Feature/Optional fine-grained POS (#11)

asajatovic · web-flow · commit 934e9ad1f06d · 2020-03-21T19:55:40.000+01:00
* Update README.md * Fix #10
diff --git a/README.md b/README.md
@@ -14,7 +14,7 @@ Use the package manager [pip](https://pip.pypa.io/en/stable/) to install spacy-u
 pip install spacy-udpipe
 ```
 
-After installation, use `spacy_udpipe.download(lang)` to download the pre-trained model for the desired language.
+After installation, use `spacy_udpipe.download(<language ISO code>)` to download the pre-trained model for the desired language.
 
 ## Usage
 The loaded UDPipeLanguage class returns a spaCy [`Language` object](https://spacy.io/api/language), i.e., the nlp object you can use to process text and create a [`Doc` object](https://spacy.io/api/doc).
@@ -32,32 +32,42 @@ for token in doc:
     print(token.text, token.lemma_, token.pos_, token.dep_)
 
 ```
-As all attributes are computed once and set in the custom [`Tokenizer`](https://spacy.io/api/tokenizer), the `nlp.pipeline` is empty.
+As all attributes are computed once and set in the custom [`Tokenizer`](https://spacy.io/api/tokenizer), the `Language.pipeline` is empty.
+
+#### Loading a custom model
+The following code snippet demonstrates how to load a custom `UDPipe` model (for the Croatian language):
+```python
+import spacy_udpipe
+
+nlp = spacy_udpipe.load_from_path(lang="hr",
+                                  path="./custom_croatian.udpipe",
+                                  meta={"description": "Custom 'hr' model"})
+text = "Wikipedija je enciklopedija slobodnog sadržaja."
+
+doc = nlp(text)
+for token in doc:
+    print(token.text, token.lemma_, token.pos_, token.dep_)
+```
+This can be done for any of the languages supported by spaCy.
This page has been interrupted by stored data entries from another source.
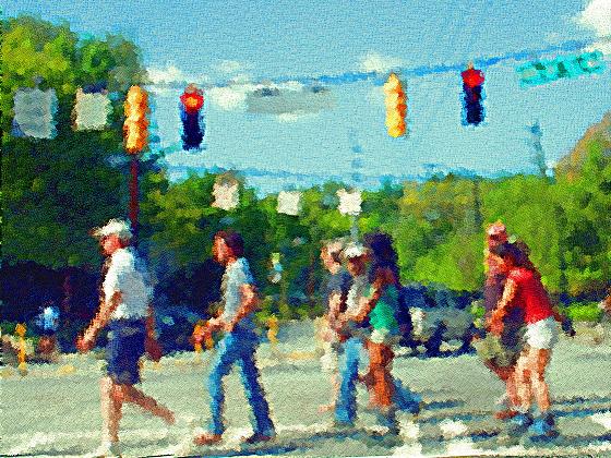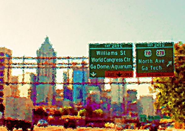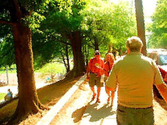 “So this friend of mine has a blog. He has a post about dragon con, with lots of pictures. Then he had a post about the Republican Convention. My comment was, comparing Dragon Con and The Repub convention, which group had the better grip on reality? I like what Rush Limbaugh said. God, Guns, and Babes, we got us a candidate Lets go walk over here, there is more shade and I have an idea for a picture. I hear that dragon con has gotten republican anyway, with greedy owners squeezing every dime they can. Of course, I have never been to it This monument is neat. You can pose next to it and paste in whatever you want where the sign used to be. you know, people always seem to like it when you take pictures of their dog What are you going to do with all those dog pictures? Paste them onto that picture of Sarah Palin. The one with her in a bikini holding a rifle There had been irresponsible talk about taking the long route around the softball fields by Grady High School. The reality is that the first sunday of september is pretty hot in Georgia. The two humans then passed the doggie park, and decided to go for a walk, sans canines. The doggie park had big rocks for dogs, and a few benches for people. The dogs and the people were very well behaved. Where do we go from here? The most direct route to your car, with the most shade
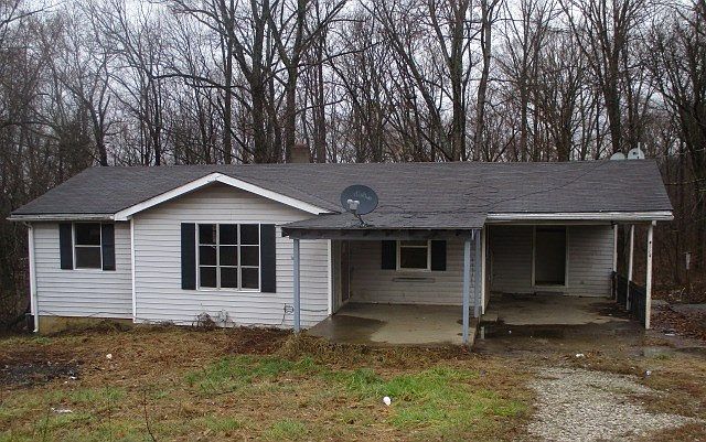 1 story ranch style home, 3 beds 1 bath REO property sitting on 7.75 partially wooded acres.
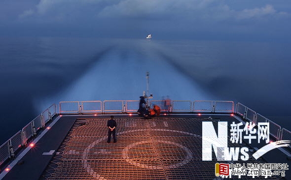 内容来自中华人民共和国图鉴社 12月28日夜,中国赴亚丁湾、索马里海域护航编队首次组织夜间直升机行进间着舰训练。张朋 摄 内容来自中华人民共和国图鉴社 内容来自中华人民共和国图鉴社 12月28日夜,中国赴亚丁湾、索马里海域护航编队首次组织夜间直升机行进间着舰训练。张朋 摄 tujian.org 中图社“武汉”舰12月29日电(记者 朱鸿亮)中国海军赴亚丁湾、索马里海域护航编队29日通过新加坡海峡,驶入马六甲海峡。 内容来自中华人民共和国图鉴社 29日早晨,经过20多个小时的航行, “武汉”号、 “海口”号导弹驱逐舰和 “微山湖”号综合补给舰先后驶入新加坡海峡。 中华人民共和国图鉴社 新加坡海峡位于马来半岛南端的新加坡岛与印尼的廖内群岛之间,西连马六甲海峡,东面与南海相接,是沟通太平洋和印度洋的重要通道。 tujian.org 上午10时多,护航编队驶入马六甲海峡,预计30日驶入印度洋。记者在“武汉”舰上看到,附近来往船只明显增多,油轮、集装箱船、驳船不一而足,其中还有部分中国商船。 本文来自中华人民共和国图鉴社 马六甲海峡是连接太平洋与印度洋的国际水道,同时也是亚洲和大洋洲的“十字路口”。1971年,马来西亚、新加坡和印度尼西亚发表联合声明,宣布共同管理马六甲海峡和新加坡海峡。1977年,这3个国家签署了旨在共同捍卫领海主权的 “关于马六甲海峡、新加坡海峡安全航行的三国协议”。 tujian.org 护航编队是28日驶离南海的。当天傍晚,舰载直升机首次进行了夜间起降训练。 中华人民共和国图鉴社
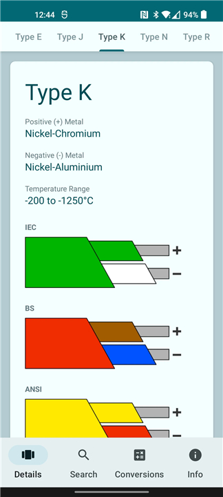 A: Unlike most reference apps, Thermocouples is fully open-source, free to use, and built with user privacy in mind. It combines international colour code standards, material data, and precision conversions in a clean, modern interface, backed by community-driven development.
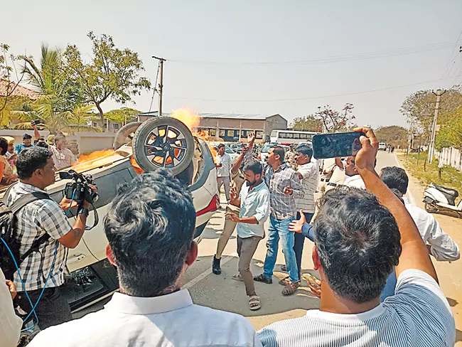Former sarpanch of Ramareddy mandal Posanipet and Congress party leader Geereddy Mahender Reddy bypassed the police presence and rushed in front of the MLA camp office in a car. The MLA got down in front of the gate and shouted slogans like Shabbir Ali Zindabad. This split the ranks of BJP. Immediately after trying to attack him, the police moved him from there. BJP activists vandalized Mahender Reddy's car and overturned it. For a while there was a scuffle between the police and activists. At the same time many people poured petrol on the car and set it on fire. In the background of these circumstances, there were rumors that BJP state president Ramachander Rao, party floor leader Maheshwar Reddy and some other MLAs and MLCs were coming. There is more tension in the town. Maheshwar Reddy and Malkajigiri MP Etala Rajender were arrested by the police in Hyderabad. Armor MLA Rakesh Reddy and MLC Anji Reddy who were coming to Kamareddy from Hyderabad were arrested in Medchal. Eleti and Etala strongly condemned the action of the police. Kamareddy SP Rajeshchandra said in a statement that Mahender Reddy and two BJP workers were arrested for pouring petrol on the fire.
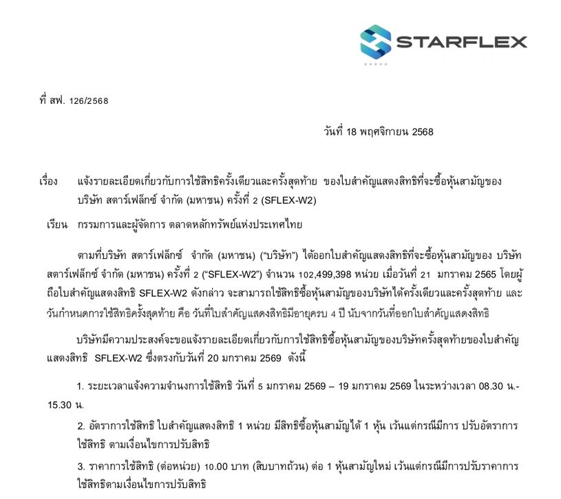 SFLEX บริษัท สตาร์เฟล็กซ์ จำกัด (มหาชน)
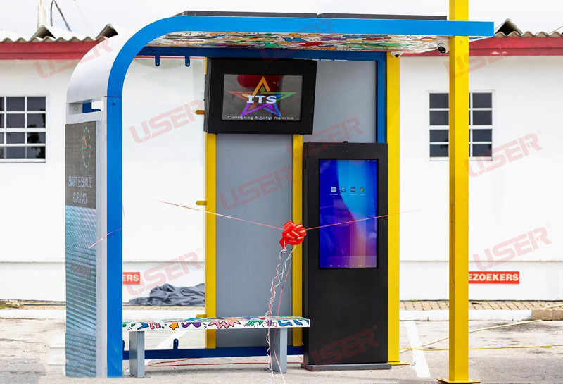 優色專顯在庫拉索32寸戶外壁掛廣告機+43寸戶外落地廣告機項目安裝調試完成,該項目用于庫拉索公交站臺,得到當地部門的高度關注。
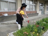 生活単元学習で、玉ねぎとチューリップの花に水やりをしました。「収穫するのが楽しみ!」と嬉しそうな様子が見られました。
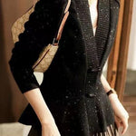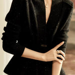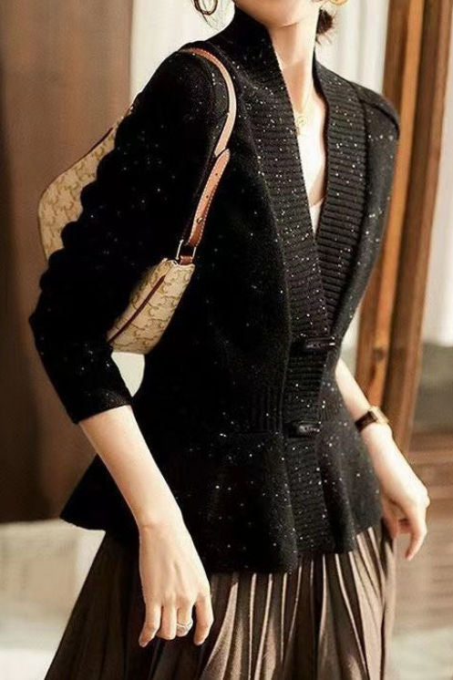 Elegant Temperament Solid-Color Lurex V-Neck Knitted Coat
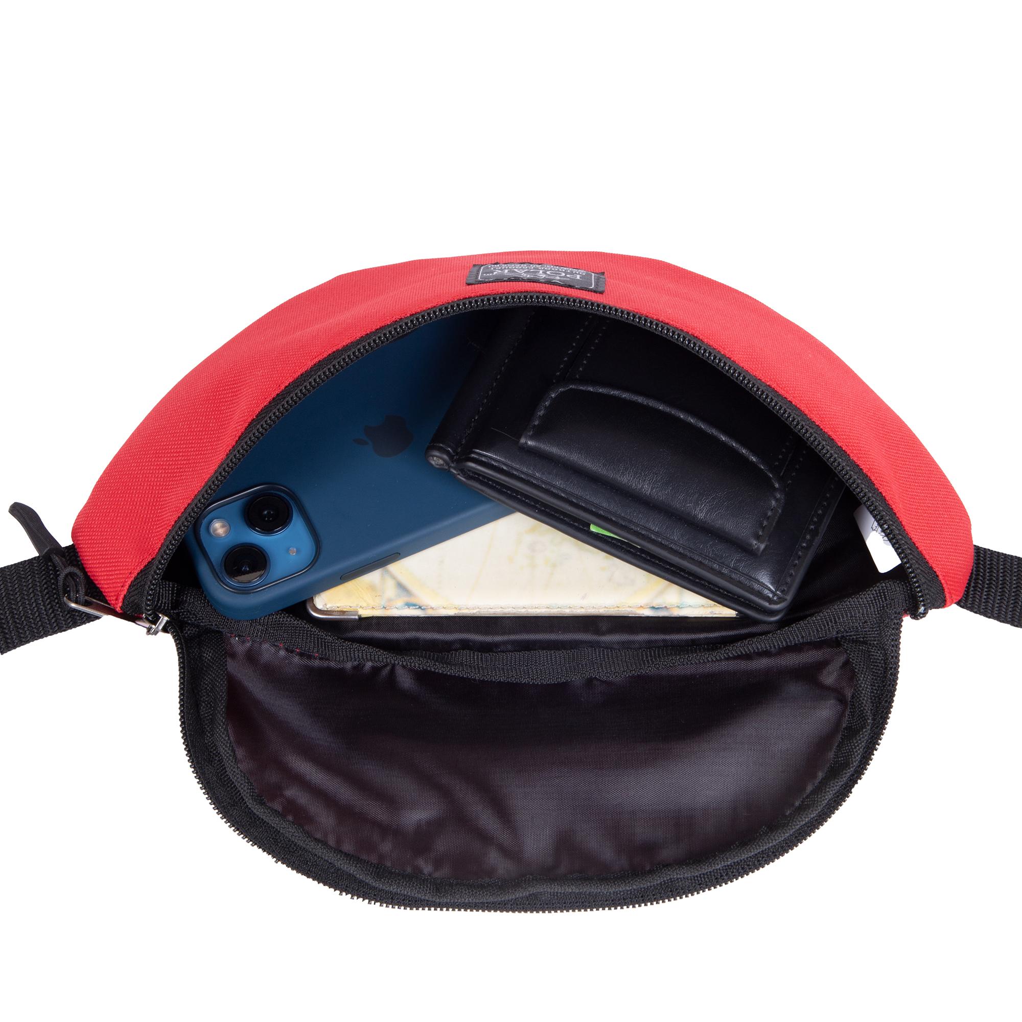 Ремень легко регулируется, что позволяет носить сумку как на поясе, так и через плечо. Максимальная длина ремня 105 см.
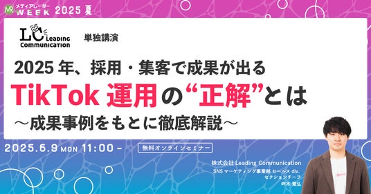 本セミナーでは、TikTokアカウント運用支援に強みを持つLeading Communicationが、2025年版・成果を出すTikTok運用の正解を大公開。
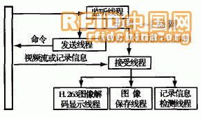 在軟件設計方面包括兩部分,一部分是監(jiān)控終端的監(jiān)控軟件,另一部分是各便件的底層軟件。監(jiān)控終端采用了多線程的軟件設計方法,系統對連接的每一個監(jiān)控點共采用了6個線程,即網絡監(jiān)聽線程、發(fā)送線程、接受線程、H.26 3圖像解碼顯示線程、圖像保存線程和記錄信息(門口終端的撥號、門禁一卡通等記錄信息)檢測線程,如圖4所示。

For an exhaustive list, see [spaCy languages](https://spacy.io/usage/models#languages).
 
 ## Authors and acknowledgment
-Created by [Antonio Šajatović](http://github.com/asajatovic)
-during an internship at [Text Analysis and Knowledge Engineering Lab (TakeLab)](http://takelab.fer.hr/).
+Created by [Antonio Šajatović](http://github.com/asajatovic) during an internship at [Text Analysis and Knowledge Engineering Lab (TakeLab)](http://takelab.fer.hr/).
 
 ## Contributing
 Pull requests are welcome. For major changes, please open an issue first to discuss what you would like to change.
 
-Please make sure to update tests as appropriate.
-
-Tests are run automatically for each pull request on the master branch.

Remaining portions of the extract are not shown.